Do we use this enough?
At the moment I've no patients who are receiving medication covertly. I have lots of patients who have a mental disorder, within the meaning of the ammended Mental Health Act 1983. I have lots of patients who have an impairment of, or a disturbance in the functioning of, the mind or brain, as set out within section 2(1) of the Mental Capacity Act 2005. In fact all of my patient can fit in to one of the categories of mental disorder/impairment/disturbance of mind/brain.
It was put to me that since all my patients are mentally unwell, if they stop taking medication, can't they be made to take medication? Well no, no they all can't. But it got me thinking that yes, some of the could, but I don't force this. This led to me being chided for not treating vulnerable patients who couldn't make valid choices on treatment.
If you're in a care home or hospital, say, and you have dementia, you probably are fine to make valid decisions on medication you're offered/continue to take. But you might struggle to make valid decisions on medication as dementia progresses or when you have a UTI, chest infection, constipation, pain, dehydration or other cause for acute confusion that makes your thinking worse.
What happens then?
Usually medication's offered to you, even though you're confused and can't give/withhold valid consent on the use of medication. If you accept it, you keep receiving it. If you refuse it, you're allowed to and it's documented as declined and you don't get medication. So whether you receive medication or not isn't based on clinical decision making, it's based on how stroppy you seem and how much nurses/care assistants respond to this. In acute wards it's also about pressures on qualified nurses' time which is now so pressured that even if staff wanted to sit down and explain/support a confused patient with medication, they don't have the 20 to 30 minutes that might take.

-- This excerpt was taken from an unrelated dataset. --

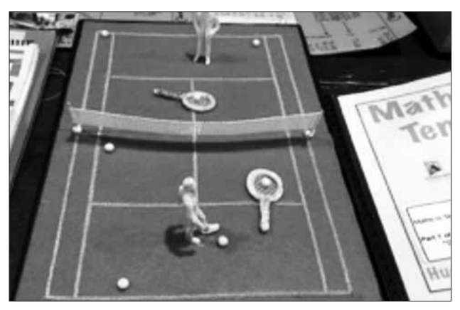
Figure 3. Model to accompany project on the use of mathematics in tennis (Year 3).

A Year 1 student produced a project entitled Toy Car Science. This investigation was presented as a poster with separate sections including results and graphs, and headings, "What did I do?" and "What did I learn?" The aim of the investigation was to see how far a toy car would travel depending on how far it was pulled back. The student pulled the car back at 3 cm intervals, repeating the test twice for each distance, then plotted the data into a table and column graph. There was no attempt to arrive at a prediction or hypothesis about the results. When comparing this investigation to that of a student in a higher year level, it seems that the concept of mathematical investigation is relative to what is important in a child's life. Whether it be how far the toy car travels, or the mathematics involved in playing netball, the main link was how students related the mathematics involved in their real-life activities. In the projects produced by higher year level students, there was more evidence of provocation and a hypothesis formed, as well as suggesting alternatives to further the investigation.

The pharmacist and manager givig me grief over this were reckoning that this arbitary giving/not giving medication on how compliant/stroppy a patient is seen to be isn't good. It should be on clinical evidence. If someone is confused and can't give (or withhold) valid consent, they're managed under the Mental Capacity Act 2005 framework and medication can be given when this is in their best interests. Rather than not giving it, the least restrictive means should be used. Instead of section 3 and depot antipsychotic given under Part IV of the MHA 1983, wouldn't orodispersible olanzapine in their tea be a much better option?
I rarely advocate for covert medication to be used. Maybe I'm wrong.